Thursday, June 30, 2016

Yo Ho, Yo Ho, a Pirate's Party for Archer



     “I promise I won't go nuts.” These are the words that will be engraved on my tombstone. The famous last words of any new mommy, planning her baby's first birthday party.

     I am the strange bird who actually really enjoys planning parties. I think I enjoy planning them even more than actually being at them. I just love the process. The planning, the preparation, it just get's me going. I love picking a theme, looking up ideas, buying and making decorations and then at long last seeing the final, completed product. I love looking back over the pictures and enjoying the event all over again later. On some level, I think it taps into the same creative vein as my passion for making Halloween costumes. There's just something about it that I find genuinely enjoyable.

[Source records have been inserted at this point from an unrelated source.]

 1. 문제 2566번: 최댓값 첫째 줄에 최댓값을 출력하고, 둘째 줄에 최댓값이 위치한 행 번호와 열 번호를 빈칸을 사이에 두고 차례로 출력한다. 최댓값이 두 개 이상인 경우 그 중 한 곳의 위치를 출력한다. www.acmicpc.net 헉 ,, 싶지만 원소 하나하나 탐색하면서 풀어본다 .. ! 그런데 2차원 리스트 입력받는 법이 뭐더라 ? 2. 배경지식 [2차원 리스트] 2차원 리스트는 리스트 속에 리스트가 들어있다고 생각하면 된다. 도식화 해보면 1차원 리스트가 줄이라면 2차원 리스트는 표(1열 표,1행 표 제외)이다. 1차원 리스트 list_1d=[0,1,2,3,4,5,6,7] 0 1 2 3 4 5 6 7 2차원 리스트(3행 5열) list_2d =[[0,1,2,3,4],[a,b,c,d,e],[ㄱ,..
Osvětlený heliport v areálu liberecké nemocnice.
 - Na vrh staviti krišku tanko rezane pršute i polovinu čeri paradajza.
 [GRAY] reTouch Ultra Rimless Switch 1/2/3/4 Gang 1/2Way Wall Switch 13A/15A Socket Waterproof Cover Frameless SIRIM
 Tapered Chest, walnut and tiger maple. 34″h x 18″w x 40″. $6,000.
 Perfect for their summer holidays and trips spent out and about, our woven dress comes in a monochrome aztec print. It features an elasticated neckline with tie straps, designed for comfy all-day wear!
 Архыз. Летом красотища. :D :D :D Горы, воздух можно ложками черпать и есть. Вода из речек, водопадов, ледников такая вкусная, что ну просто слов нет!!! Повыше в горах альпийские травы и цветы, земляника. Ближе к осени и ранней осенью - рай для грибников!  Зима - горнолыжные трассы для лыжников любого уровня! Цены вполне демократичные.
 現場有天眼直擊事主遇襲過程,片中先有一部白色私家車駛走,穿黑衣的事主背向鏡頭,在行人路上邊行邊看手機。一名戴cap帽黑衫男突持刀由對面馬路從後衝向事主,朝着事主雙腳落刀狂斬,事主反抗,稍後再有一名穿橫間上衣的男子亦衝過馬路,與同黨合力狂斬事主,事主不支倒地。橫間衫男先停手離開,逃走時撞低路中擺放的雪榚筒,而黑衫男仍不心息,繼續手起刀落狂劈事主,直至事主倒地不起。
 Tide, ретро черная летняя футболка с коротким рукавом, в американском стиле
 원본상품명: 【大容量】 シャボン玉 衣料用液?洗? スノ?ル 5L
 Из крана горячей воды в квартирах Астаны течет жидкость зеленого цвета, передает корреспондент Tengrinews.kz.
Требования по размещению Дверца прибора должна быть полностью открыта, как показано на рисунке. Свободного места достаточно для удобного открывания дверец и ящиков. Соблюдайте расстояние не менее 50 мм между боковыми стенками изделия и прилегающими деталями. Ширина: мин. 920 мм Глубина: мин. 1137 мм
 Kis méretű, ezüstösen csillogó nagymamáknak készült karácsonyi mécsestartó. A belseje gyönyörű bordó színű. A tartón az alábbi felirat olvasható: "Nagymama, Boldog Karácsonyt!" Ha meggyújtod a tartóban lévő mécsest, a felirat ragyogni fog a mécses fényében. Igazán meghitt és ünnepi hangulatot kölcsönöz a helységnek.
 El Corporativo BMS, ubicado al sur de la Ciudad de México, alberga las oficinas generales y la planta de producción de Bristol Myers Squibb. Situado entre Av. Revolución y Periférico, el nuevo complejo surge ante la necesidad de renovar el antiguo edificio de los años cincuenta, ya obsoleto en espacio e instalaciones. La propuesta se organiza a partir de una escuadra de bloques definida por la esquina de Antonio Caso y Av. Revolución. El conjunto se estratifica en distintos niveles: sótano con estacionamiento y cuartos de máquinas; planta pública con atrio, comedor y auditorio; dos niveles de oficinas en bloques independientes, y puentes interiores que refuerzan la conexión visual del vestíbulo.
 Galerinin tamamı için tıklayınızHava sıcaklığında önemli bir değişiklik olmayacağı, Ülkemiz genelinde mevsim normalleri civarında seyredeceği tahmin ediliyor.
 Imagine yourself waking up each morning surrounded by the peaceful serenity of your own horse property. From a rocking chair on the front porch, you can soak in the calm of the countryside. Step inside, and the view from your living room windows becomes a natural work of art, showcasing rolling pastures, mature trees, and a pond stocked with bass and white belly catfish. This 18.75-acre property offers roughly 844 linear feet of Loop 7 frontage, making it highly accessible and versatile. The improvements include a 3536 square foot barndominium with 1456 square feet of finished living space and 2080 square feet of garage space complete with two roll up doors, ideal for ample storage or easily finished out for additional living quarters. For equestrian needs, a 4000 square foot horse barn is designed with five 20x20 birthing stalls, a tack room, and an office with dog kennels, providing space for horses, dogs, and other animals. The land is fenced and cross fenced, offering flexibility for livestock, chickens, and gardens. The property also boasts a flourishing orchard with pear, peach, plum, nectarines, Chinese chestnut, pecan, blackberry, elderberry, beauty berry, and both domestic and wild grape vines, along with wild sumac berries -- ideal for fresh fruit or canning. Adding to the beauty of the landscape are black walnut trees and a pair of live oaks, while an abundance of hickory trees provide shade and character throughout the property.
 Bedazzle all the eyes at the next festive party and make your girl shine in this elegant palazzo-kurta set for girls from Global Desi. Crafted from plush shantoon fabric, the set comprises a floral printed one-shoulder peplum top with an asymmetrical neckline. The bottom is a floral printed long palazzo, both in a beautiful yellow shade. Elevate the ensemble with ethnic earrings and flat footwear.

     Archer is now approaching his first birthday. When we started thinking of a theme for his party, we considered a number of different options, but my husband, Jim was the one to throw out the winning idea. Pirates. Immediately it was perfect.

A. Pirates are awesome.

B. We both have a weird affinity for pirates so we already had a remarkable amount of pirate related memorabilia around the house just waiting for such an event.

C. The obviously delightful Arrrrcher word play.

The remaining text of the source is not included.